I have been able to run some benchmarks on various hard drives and a solid state drive. Mostly for my own amusement to see how old drives compares to new drives. There are some desktop drives as well as some enterprise drives. Perhaps the numbers can be useful for someone.
The drives
Listed in some kind of old/slow to new/fast
- Seagate Barracuda 7200.11 (ST31500341AS), 1.5TB
- Seagate Barracuda 7200.12 (ST500DM002), 500GB
- Samsung SpinPoint F3 (HD502HJ), 500GB
- Hitachi GST Deskstar 7K1000.D (HDS721010DLE630), 1TB
- Western Digital Red (WD20EFRX), 2TB
- Seagate SV35.6 Series (ST2000VX000), 2TB
- Seagate Constellation CS (ST2000NC000), 2TB
- Seagate Constellation ES (ST3000NM0033), 3TB
- Intel 520 SSD (SSDSC2CW240A3), 240GB
Test system
- Asus P8Z68-V (Intel Z68 chipset)
- Intel 2600K
- 2x4GB RAM
- Ubuntu Desktop 10.04.3
- Ubuntu Disk application used for the benchmarks
The system is kind of old, but I have collected the numbers for some time and wanted to run the drives on the same platform. The drives were connected to the onboard SATA-III/6G ports, connected to the Z68 chipset.

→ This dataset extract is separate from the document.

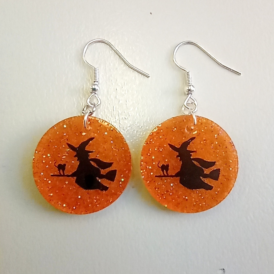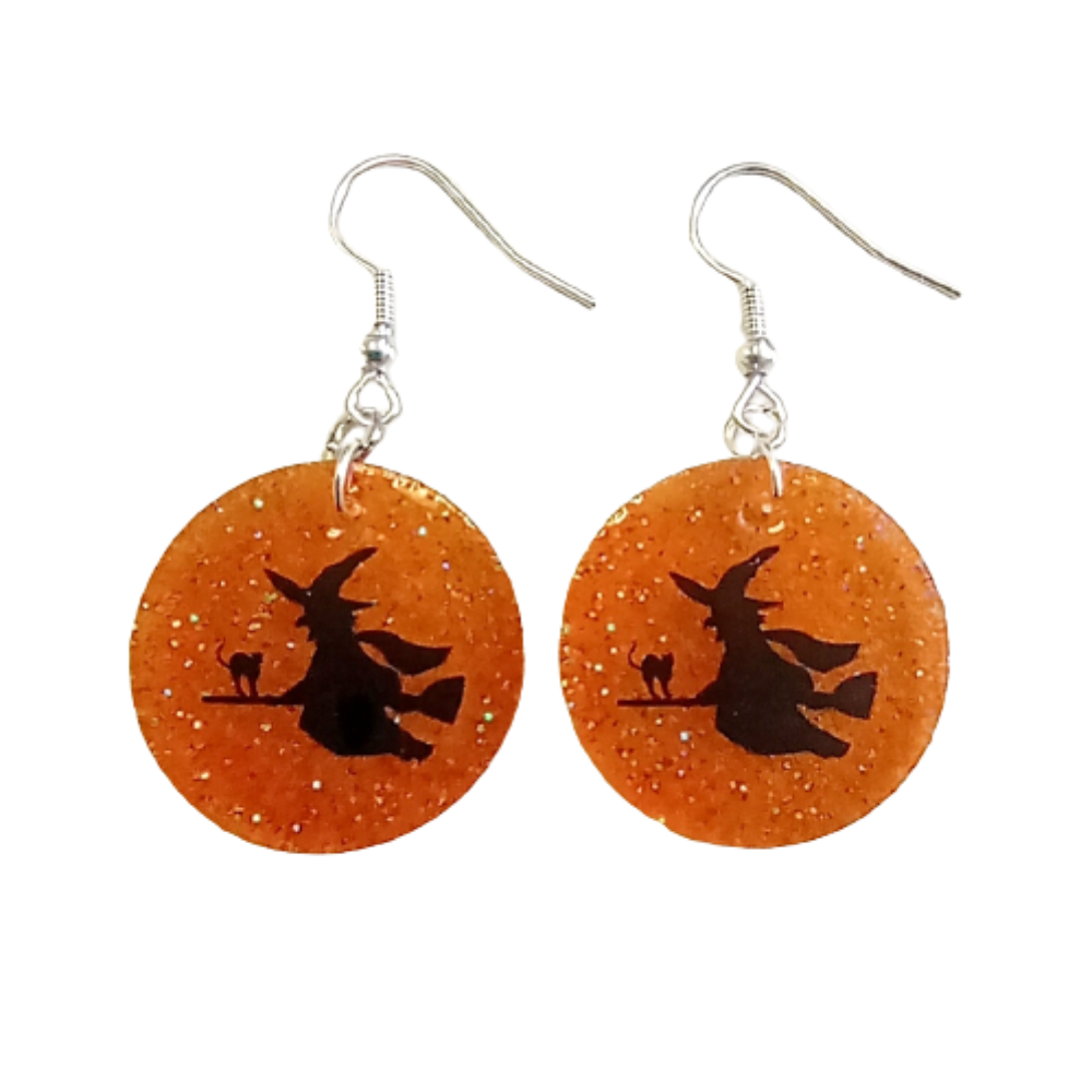 Σκουλαρίκια κυκλικά Halloween wicked witch με υγρό γυαλί

*Update* I believe I have screwed up and actually used the SATA 3G ports for some of the drives. I will rerun the benchmark with the Constellation ES and SSD drive and update this post. The other drives are in production and I’m unable to test them.
Results
Reflections
I am not going to do an in depth analysis of the results, since I realize the procedure was way too sloppy. There are some really strange write results for the Constellation ES drive shown here. I tried running the same benchmark with Ubuntu 12.04 and it was more consistent with less spikes/dips.
Hopefully I will be able to post some other interesting benchmarks soon.